I have a dataset which have an xml column and i am trying to export individual xmls as files with filename being in another column using codeworkbook
I filtered the rows i want using below code
def prepare_input(xml_with_debug):
from pyspark.sql import functions as F
filter_column = "key"
filter_value = "test_key"
df_filtered = xml_with_debug.filter(filter_value == F.col(filter_column))
approx_number_of_rows = 1
sample_percent = float(approx_number_of_rows) / df_filtered.count()
df_sampled = df_filtered.sample(False, sample_percent, seed=0)
important_columns = ["key", "xml"]
return df_sampled.select([F.col(c).cast(F.StringType()).alias(c) for c in important_columns])
It works till here. Now for the last part i tried this in a python task, but was complaining about the parameters (i should have set it up wrongly).

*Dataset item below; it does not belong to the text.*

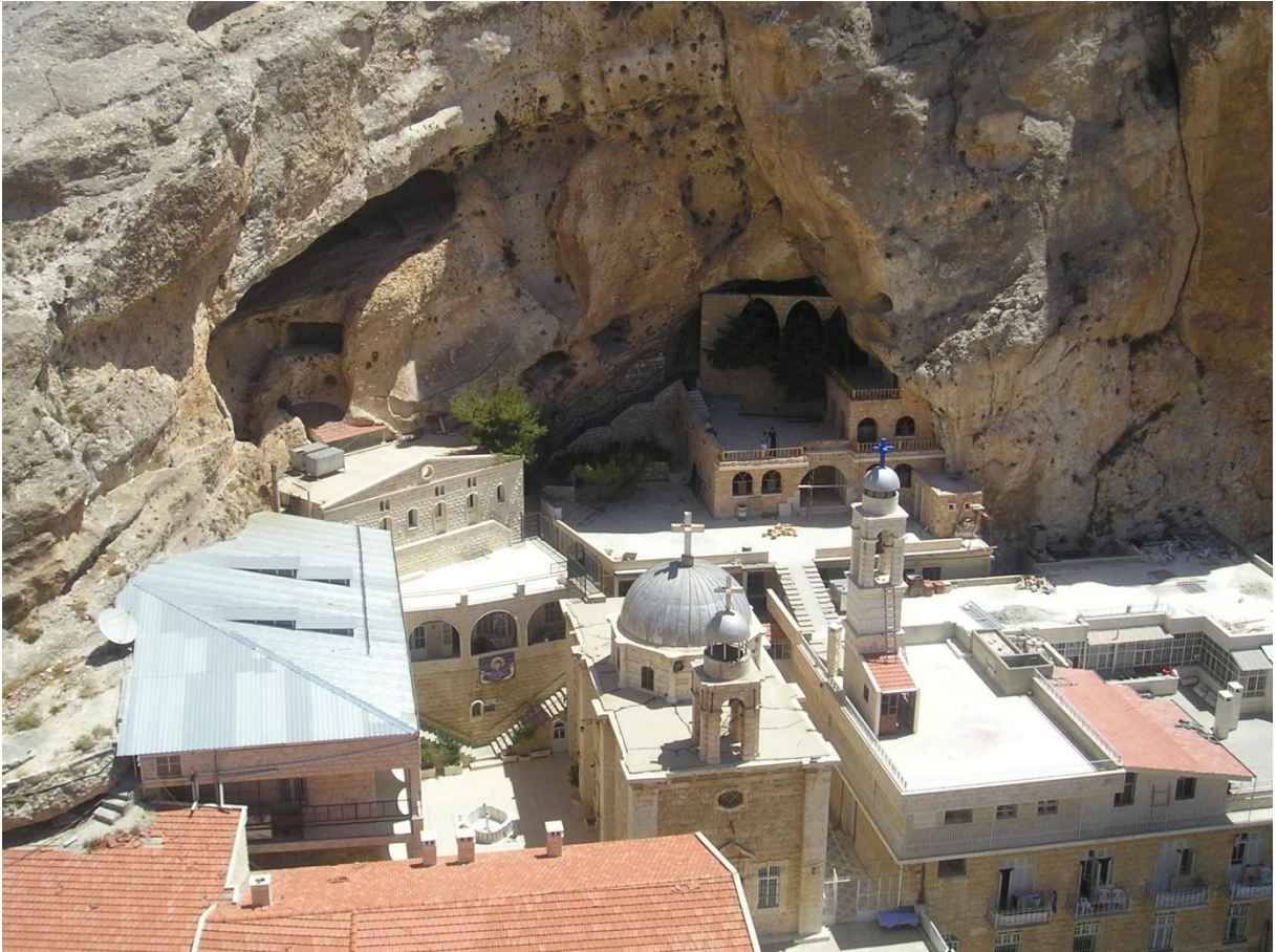
Manastir u Ma'luli, sjeverno od Damaska

But even if it works it will be as a single file i think.
from transforms.api import transform, Input, Output
@transform(
output=Output("/path/to/python_csv"),
my_input=Input("/path/to/input")
)
def my_compute_function(output, my_input):
output.write_dataframe(my_input.dataframe().coalesce(1), output_format="csv", options={"header": "true"})
I am trying to set it up in GUI like below
My question i guess is, what will be the code in the last Python task (write_file) after the prepare input so that i extract individual xmls (And if possible zip them into single file for download)